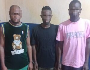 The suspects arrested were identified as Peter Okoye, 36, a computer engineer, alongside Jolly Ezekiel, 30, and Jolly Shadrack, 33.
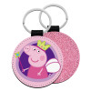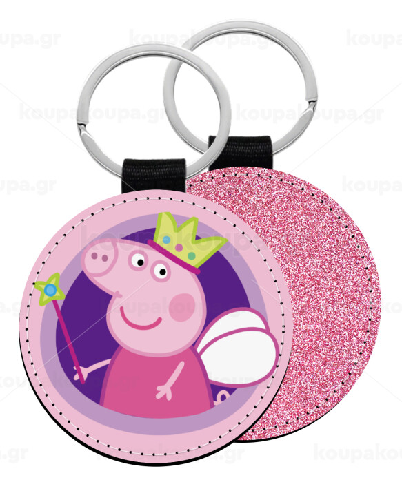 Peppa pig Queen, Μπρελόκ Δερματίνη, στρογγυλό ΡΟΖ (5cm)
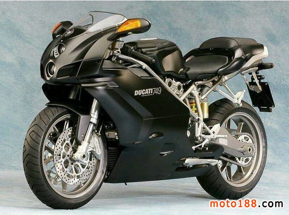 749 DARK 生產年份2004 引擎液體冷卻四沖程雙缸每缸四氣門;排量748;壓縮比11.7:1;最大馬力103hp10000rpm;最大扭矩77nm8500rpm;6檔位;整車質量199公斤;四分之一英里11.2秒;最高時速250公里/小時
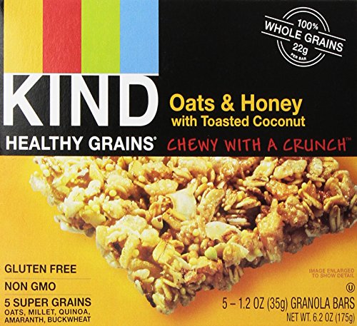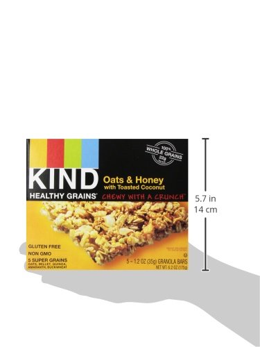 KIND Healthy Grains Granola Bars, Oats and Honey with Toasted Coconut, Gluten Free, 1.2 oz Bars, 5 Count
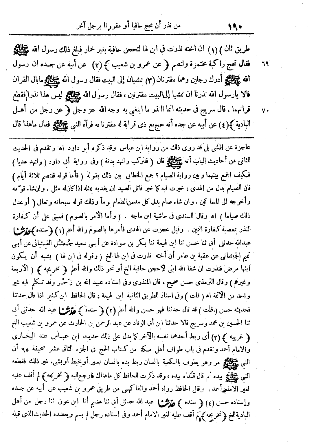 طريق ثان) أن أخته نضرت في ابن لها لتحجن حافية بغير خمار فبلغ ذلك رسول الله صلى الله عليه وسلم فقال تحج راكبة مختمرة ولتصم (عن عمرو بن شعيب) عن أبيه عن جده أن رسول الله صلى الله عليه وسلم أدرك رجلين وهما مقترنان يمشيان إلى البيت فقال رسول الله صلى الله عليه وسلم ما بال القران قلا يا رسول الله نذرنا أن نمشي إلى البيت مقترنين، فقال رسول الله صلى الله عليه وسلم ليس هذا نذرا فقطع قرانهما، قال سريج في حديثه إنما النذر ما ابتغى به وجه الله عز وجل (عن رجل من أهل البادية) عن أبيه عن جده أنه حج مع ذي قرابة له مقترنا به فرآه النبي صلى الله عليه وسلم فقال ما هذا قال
_ _ _ _ _
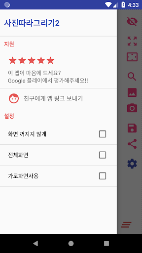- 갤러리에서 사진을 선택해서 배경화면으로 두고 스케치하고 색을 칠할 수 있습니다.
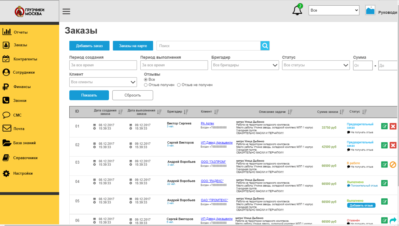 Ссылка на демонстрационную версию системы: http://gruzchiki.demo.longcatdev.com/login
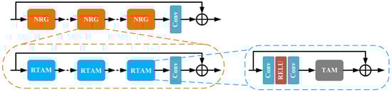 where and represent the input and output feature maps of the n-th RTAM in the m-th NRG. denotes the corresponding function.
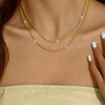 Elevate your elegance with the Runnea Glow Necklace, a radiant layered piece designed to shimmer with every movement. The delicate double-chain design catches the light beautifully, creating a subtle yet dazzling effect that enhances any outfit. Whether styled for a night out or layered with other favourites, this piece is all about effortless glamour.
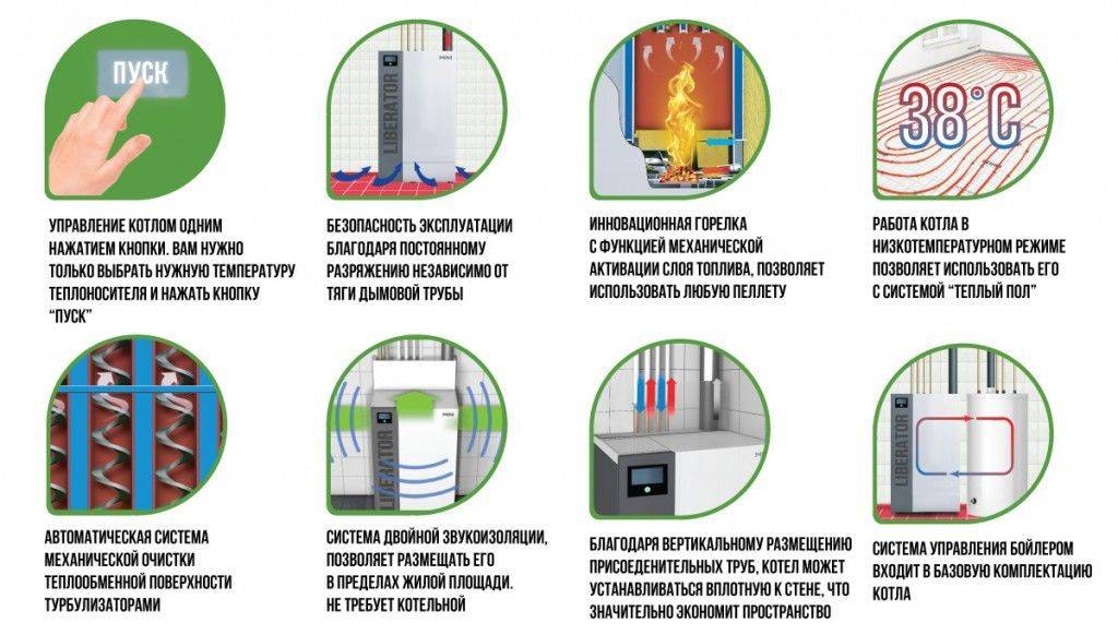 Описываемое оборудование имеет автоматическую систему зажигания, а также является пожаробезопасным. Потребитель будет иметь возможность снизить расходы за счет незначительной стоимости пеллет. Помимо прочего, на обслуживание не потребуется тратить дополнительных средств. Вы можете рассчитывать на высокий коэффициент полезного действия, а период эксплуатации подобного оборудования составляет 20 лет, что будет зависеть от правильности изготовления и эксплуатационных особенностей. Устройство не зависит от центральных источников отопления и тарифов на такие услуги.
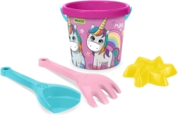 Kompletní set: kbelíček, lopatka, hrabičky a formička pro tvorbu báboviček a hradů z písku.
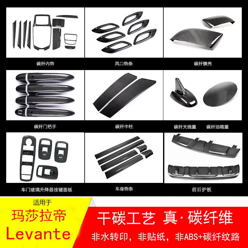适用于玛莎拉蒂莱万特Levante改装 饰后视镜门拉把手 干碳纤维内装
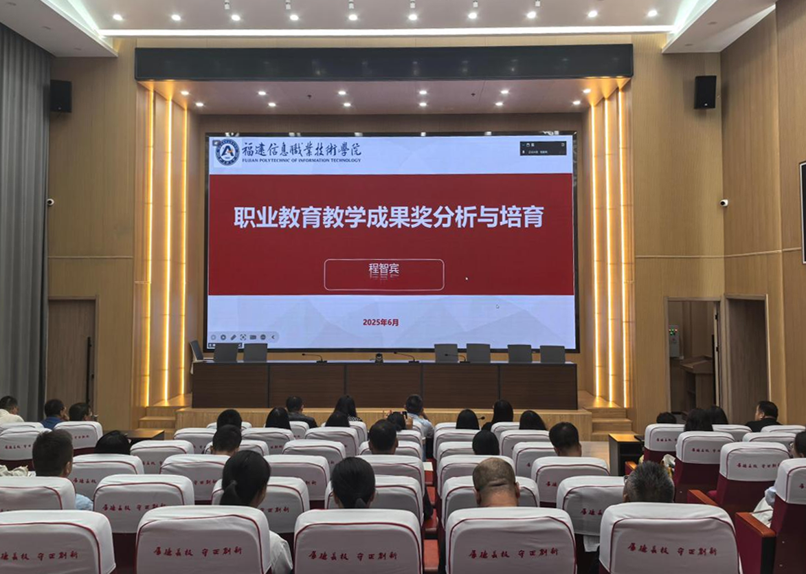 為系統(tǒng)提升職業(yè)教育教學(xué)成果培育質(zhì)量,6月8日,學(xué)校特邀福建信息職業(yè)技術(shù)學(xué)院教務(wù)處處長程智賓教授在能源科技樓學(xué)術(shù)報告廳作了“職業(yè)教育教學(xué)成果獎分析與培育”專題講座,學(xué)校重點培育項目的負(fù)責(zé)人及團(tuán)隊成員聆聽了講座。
_ _ _ _ _
Exercise brief: Output exactly those lines of the data above that run from the line with "Ссылка на демонстрационную" up to and including the line with "where and represent". No pictures go in.

Exercise solution:
 Ссылка на демонстрационную версию системы: http://gruzchiki.demo.longcatdev.com/login
 where and represent the input and output feature maps of the n-th RTAM in the m-th NRG. denotes the corresponding function.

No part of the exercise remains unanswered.